Exercise details:
Your copy of the entries below should hold exactly the lines from the one containing "There will be" to the one containing "这样的优化业务服务接入非常简", inclusive, and no pictures.

Supplied data:
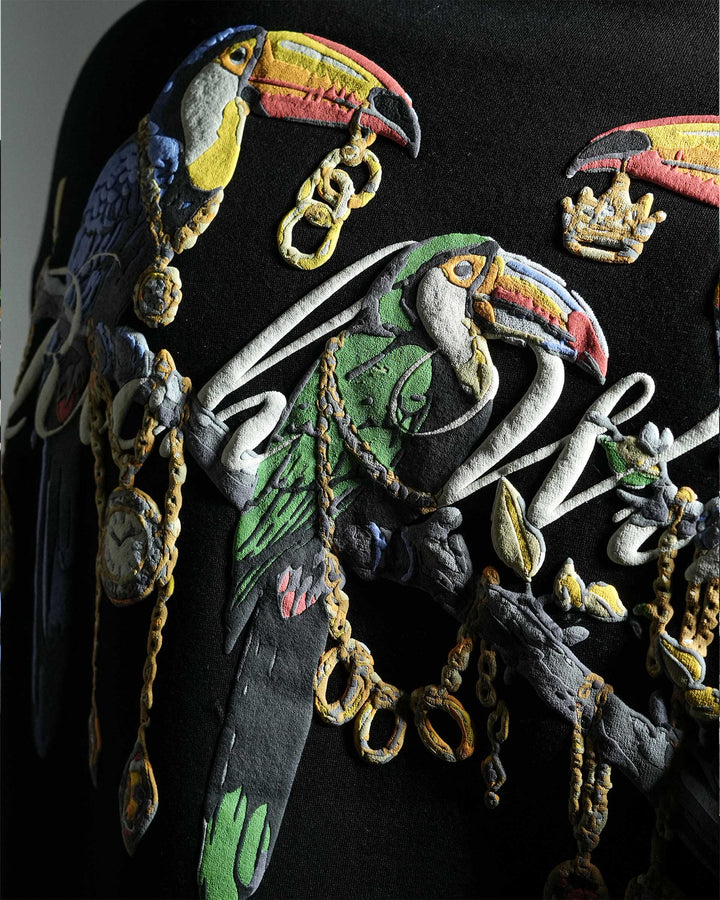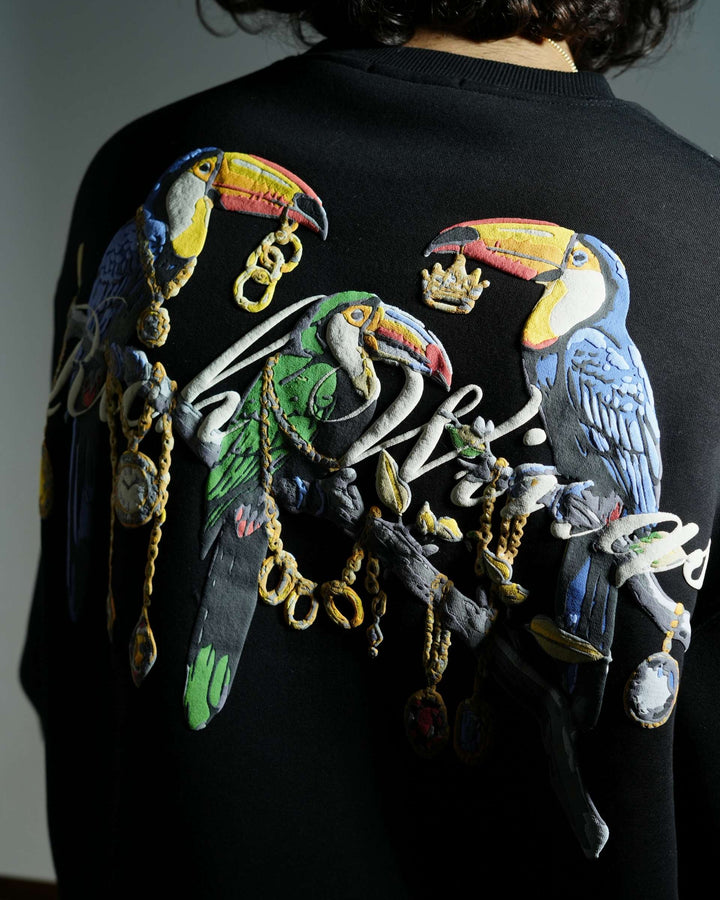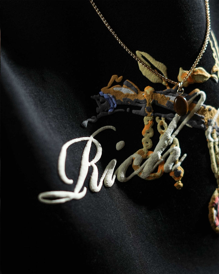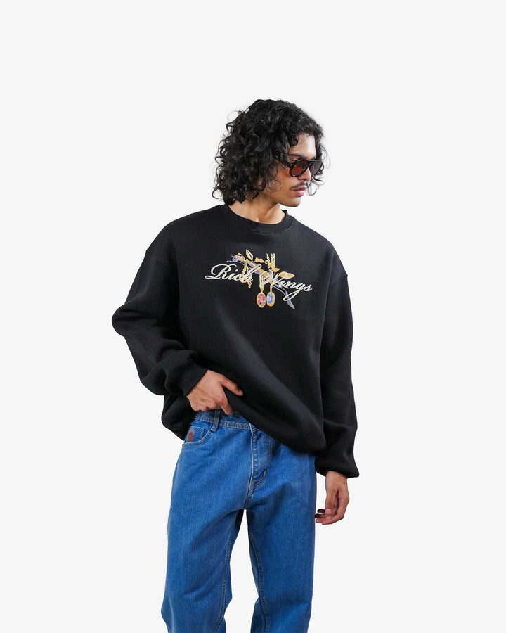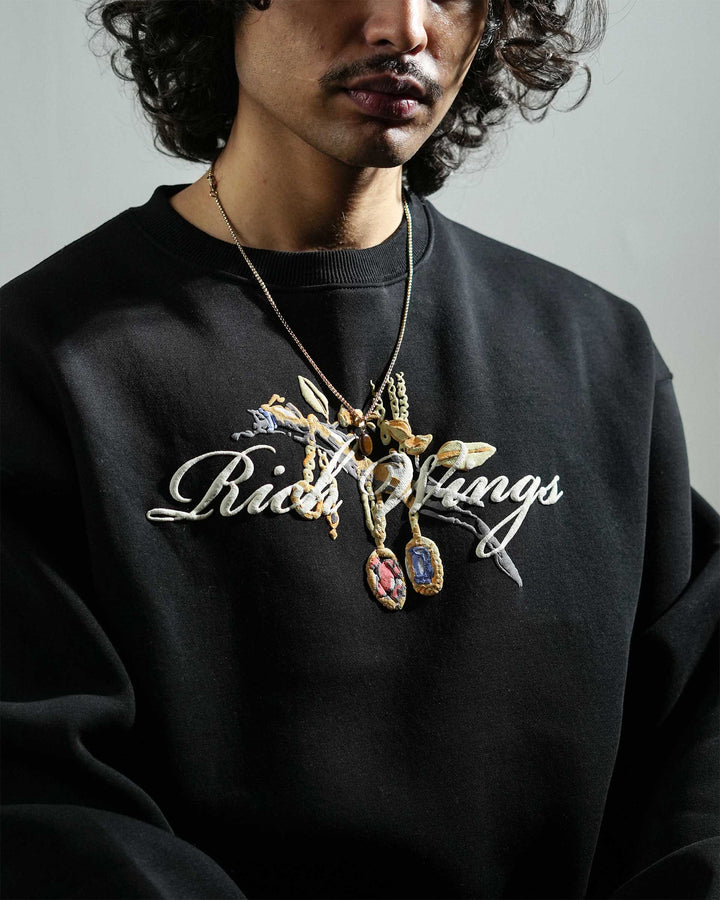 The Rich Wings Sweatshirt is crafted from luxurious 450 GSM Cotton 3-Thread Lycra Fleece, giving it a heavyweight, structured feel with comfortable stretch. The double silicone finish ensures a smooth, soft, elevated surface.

==

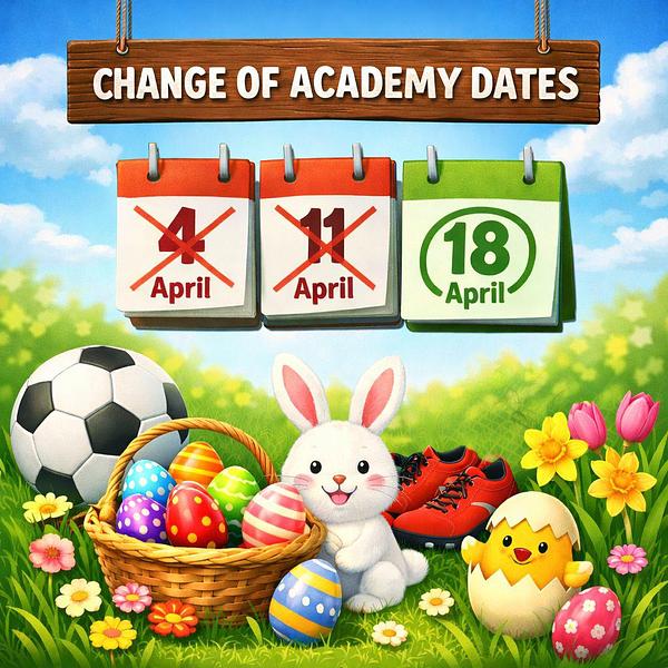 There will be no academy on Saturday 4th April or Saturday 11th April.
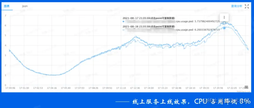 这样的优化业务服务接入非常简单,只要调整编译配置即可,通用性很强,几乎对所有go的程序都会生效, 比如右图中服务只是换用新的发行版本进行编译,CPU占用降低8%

Solution to this exercise:
 There will be no academy on Saturday 4th April or Saturday 11th April.
 这样的优化业务服务接入非常简单,只要调整编译配置即可,通用性很强,几乎对所有go的程序都会生效, 比如右图中服务只是换用新的发行版本进行编译,CPU占用降低8%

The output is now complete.